TASK STATEMENT: Return the lines of the data below starting at the one holding "Srebrna pozłacana zawieszka" and ending at the one holding "1월 로우들을 한 DB에 2월 로우들을 한 DB에...", word for word, leaving every picture out.
# # # #
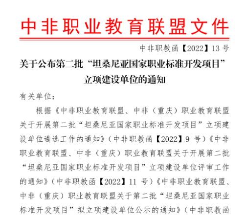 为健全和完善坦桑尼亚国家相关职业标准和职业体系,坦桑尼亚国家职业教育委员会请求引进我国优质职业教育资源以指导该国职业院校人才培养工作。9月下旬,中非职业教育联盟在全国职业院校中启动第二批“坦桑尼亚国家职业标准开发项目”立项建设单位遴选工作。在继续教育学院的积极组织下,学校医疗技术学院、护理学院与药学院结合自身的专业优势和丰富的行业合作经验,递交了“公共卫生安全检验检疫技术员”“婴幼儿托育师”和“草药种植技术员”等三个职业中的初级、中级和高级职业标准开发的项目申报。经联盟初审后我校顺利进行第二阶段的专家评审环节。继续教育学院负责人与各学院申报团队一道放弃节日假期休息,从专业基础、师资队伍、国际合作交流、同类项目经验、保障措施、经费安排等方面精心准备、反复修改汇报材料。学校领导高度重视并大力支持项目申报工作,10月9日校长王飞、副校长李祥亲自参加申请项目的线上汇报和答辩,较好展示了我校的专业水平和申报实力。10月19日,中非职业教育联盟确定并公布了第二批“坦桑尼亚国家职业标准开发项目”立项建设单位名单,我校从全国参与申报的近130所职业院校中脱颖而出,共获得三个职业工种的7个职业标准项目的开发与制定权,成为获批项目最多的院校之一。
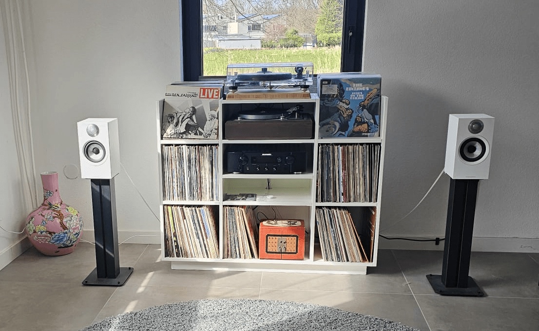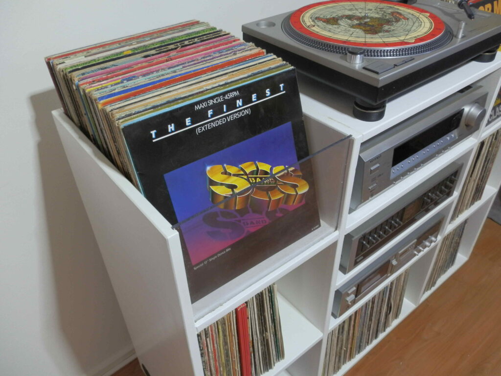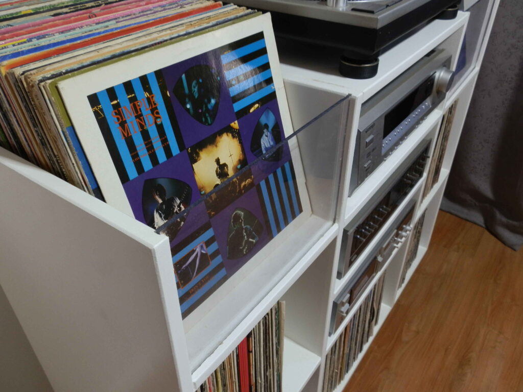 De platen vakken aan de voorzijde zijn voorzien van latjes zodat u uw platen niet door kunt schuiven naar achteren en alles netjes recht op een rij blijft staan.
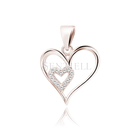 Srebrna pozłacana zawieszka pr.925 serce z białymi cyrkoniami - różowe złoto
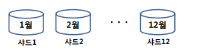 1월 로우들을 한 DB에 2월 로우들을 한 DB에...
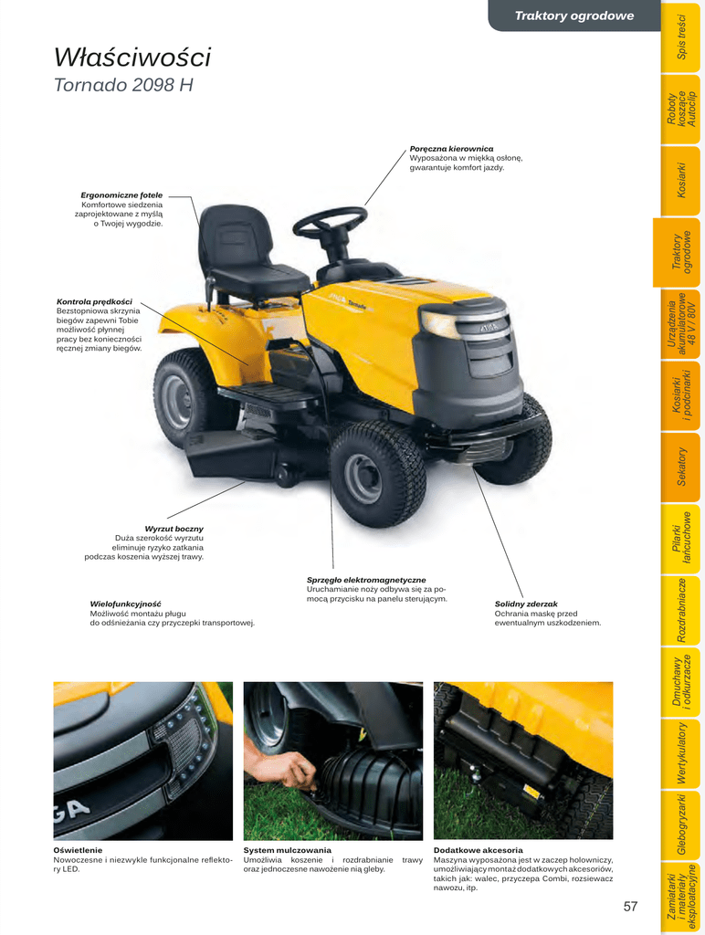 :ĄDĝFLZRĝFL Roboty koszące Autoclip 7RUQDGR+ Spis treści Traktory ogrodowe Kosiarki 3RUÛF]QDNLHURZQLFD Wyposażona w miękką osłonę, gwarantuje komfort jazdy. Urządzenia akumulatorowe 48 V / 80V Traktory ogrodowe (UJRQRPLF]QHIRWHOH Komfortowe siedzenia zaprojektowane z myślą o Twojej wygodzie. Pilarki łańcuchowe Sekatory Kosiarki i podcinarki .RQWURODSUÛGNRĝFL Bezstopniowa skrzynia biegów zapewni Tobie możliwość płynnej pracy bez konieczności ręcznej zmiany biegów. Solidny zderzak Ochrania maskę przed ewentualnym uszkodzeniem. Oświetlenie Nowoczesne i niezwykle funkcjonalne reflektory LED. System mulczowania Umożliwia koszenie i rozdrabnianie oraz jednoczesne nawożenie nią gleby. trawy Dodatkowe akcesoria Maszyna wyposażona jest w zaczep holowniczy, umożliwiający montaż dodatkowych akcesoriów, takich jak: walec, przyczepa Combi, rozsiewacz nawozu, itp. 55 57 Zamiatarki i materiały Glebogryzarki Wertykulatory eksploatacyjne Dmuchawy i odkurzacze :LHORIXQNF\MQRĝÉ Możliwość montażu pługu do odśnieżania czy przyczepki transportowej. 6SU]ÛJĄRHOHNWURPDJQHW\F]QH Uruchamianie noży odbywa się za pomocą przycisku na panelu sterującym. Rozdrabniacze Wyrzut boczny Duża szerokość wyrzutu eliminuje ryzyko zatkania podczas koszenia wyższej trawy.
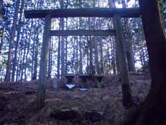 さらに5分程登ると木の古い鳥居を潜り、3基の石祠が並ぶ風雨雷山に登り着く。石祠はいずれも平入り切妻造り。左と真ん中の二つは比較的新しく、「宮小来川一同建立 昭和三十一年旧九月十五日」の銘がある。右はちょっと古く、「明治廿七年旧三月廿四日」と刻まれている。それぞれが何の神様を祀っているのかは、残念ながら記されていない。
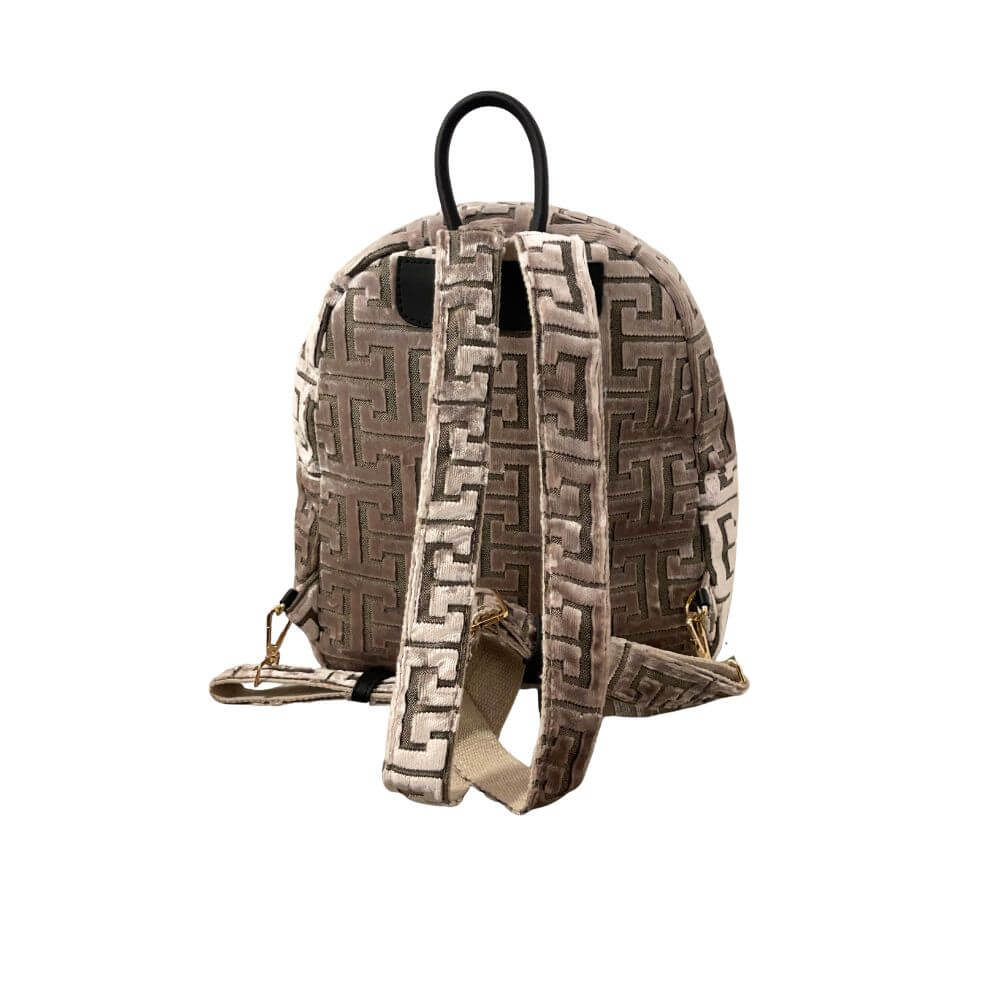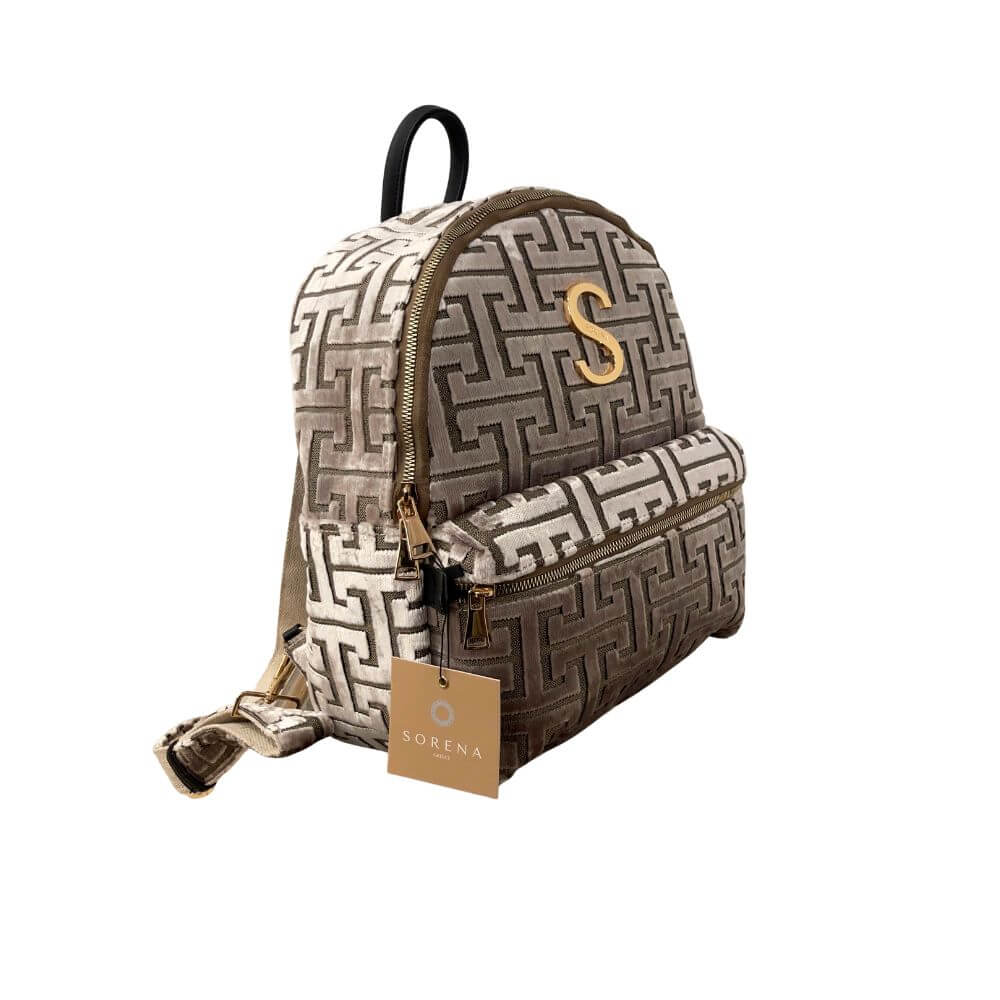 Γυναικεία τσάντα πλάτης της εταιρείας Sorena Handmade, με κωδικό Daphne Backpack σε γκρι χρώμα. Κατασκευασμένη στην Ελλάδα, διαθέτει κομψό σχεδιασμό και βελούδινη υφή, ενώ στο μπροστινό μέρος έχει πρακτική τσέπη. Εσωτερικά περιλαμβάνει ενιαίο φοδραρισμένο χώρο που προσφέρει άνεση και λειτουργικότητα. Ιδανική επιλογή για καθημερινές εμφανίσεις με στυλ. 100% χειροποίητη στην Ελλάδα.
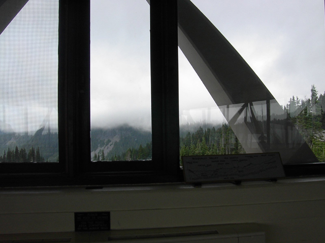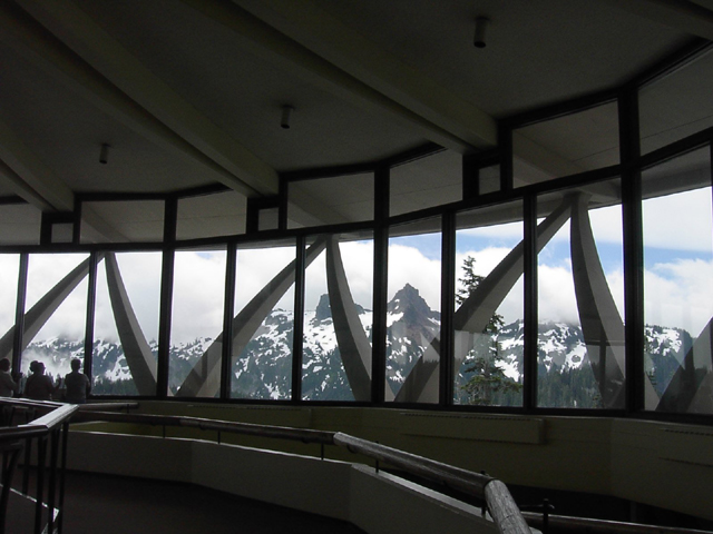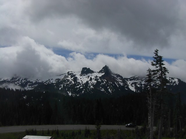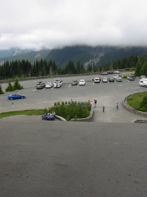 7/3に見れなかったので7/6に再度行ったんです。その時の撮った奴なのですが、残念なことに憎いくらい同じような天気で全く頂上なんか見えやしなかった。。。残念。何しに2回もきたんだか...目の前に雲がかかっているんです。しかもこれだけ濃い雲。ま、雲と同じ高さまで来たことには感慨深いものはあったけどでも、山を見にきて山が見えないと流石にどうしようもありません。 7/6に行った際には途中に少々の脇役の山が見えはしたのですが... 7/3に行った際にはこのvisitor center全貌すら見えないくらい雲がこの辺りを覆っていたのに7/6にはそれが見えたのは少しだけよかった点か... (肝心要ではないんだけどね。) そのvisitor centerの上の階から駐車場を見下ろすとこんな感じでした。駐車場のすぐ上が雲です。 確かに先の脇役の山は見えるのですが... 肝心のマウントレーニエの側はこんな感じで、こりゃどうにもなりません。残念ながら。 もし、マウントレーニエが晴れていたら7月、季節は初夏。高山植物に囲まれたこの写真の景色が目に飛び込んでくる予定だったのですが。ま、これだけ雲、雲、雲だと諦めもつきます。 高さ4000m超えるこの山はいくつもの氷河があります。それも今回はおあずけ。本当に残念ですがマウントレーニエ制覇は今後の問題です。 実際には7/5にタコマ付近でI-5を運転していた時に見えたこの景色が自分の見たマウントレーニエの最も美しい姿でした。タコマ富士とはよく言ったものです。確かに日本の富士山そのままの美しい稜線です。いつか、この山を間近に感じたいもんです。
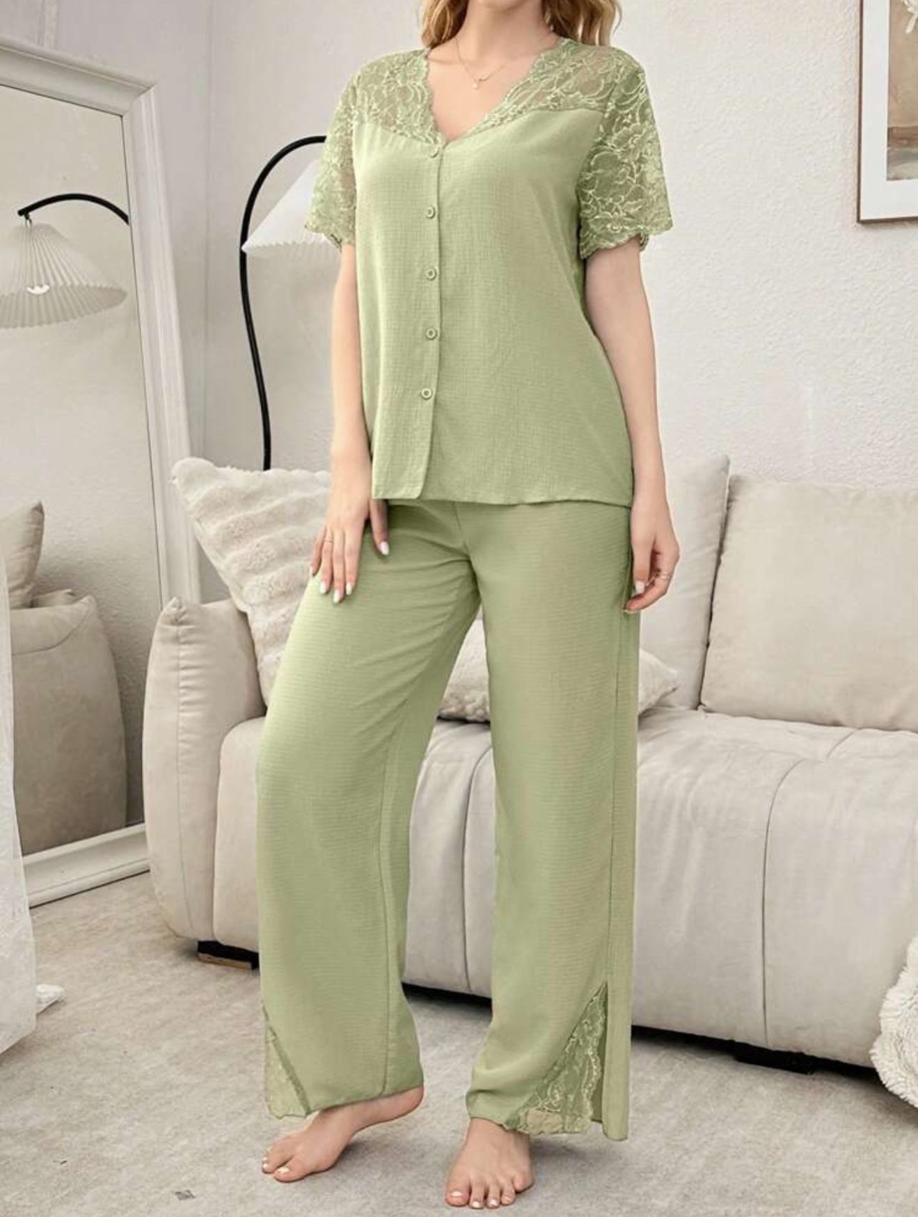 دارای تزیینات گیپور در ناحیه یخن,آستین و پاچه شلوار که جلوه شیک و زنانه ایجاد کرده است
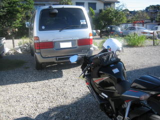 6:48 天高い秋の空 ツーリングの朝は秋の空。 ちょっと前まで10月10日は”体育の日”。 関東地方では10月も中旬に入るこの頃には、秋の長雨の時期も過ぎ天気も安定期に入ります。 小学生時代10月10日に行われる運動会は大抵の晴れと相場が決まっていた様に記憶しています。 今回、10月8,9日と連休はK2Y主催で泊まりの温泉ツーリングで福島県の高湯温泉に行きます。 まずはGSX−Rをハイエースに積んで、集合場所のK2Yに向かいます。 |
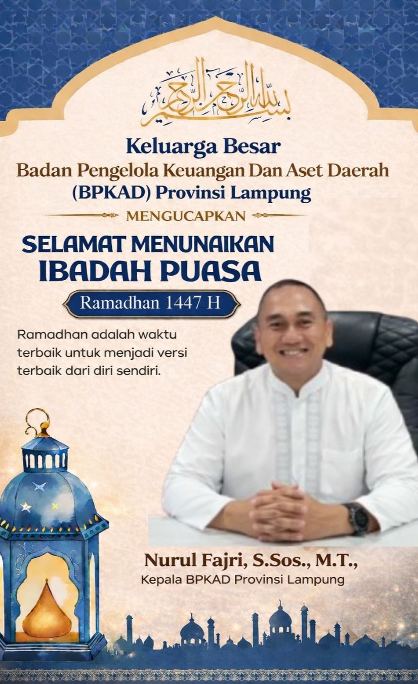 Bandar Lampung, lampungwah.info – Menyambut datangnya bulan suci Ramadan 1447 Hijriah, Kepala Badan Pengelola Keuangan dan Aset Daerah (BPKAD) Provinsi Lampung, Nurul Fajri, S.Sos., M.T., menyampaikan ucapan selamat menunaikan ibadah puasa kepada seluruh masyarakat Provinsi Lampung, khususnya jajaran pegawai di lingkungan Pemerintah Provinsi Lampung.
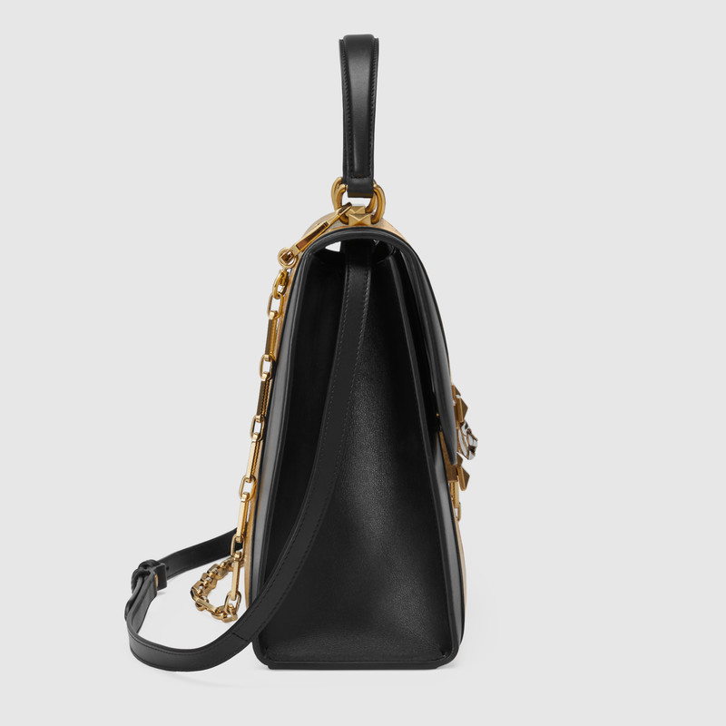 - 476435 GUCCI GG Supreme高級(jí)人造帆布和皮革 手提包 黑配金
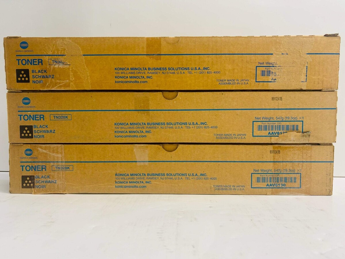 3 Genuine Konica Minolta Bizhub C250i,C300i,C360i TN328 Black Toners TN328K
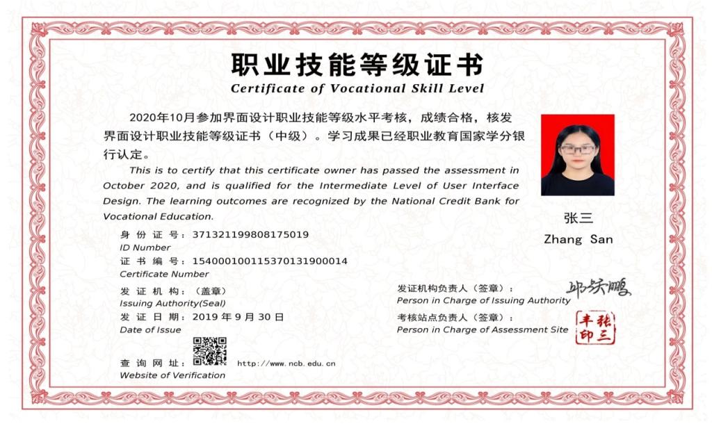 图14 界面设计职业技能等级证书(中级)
# # # #
ANSWER FOR THE TASK:
 Srebrna pozłacana zawieszka pr.925 serce z białymi cyrkoniami - różowe złoto
 1월 로우들을 한 DB에 2월 로우들을 한 DB에...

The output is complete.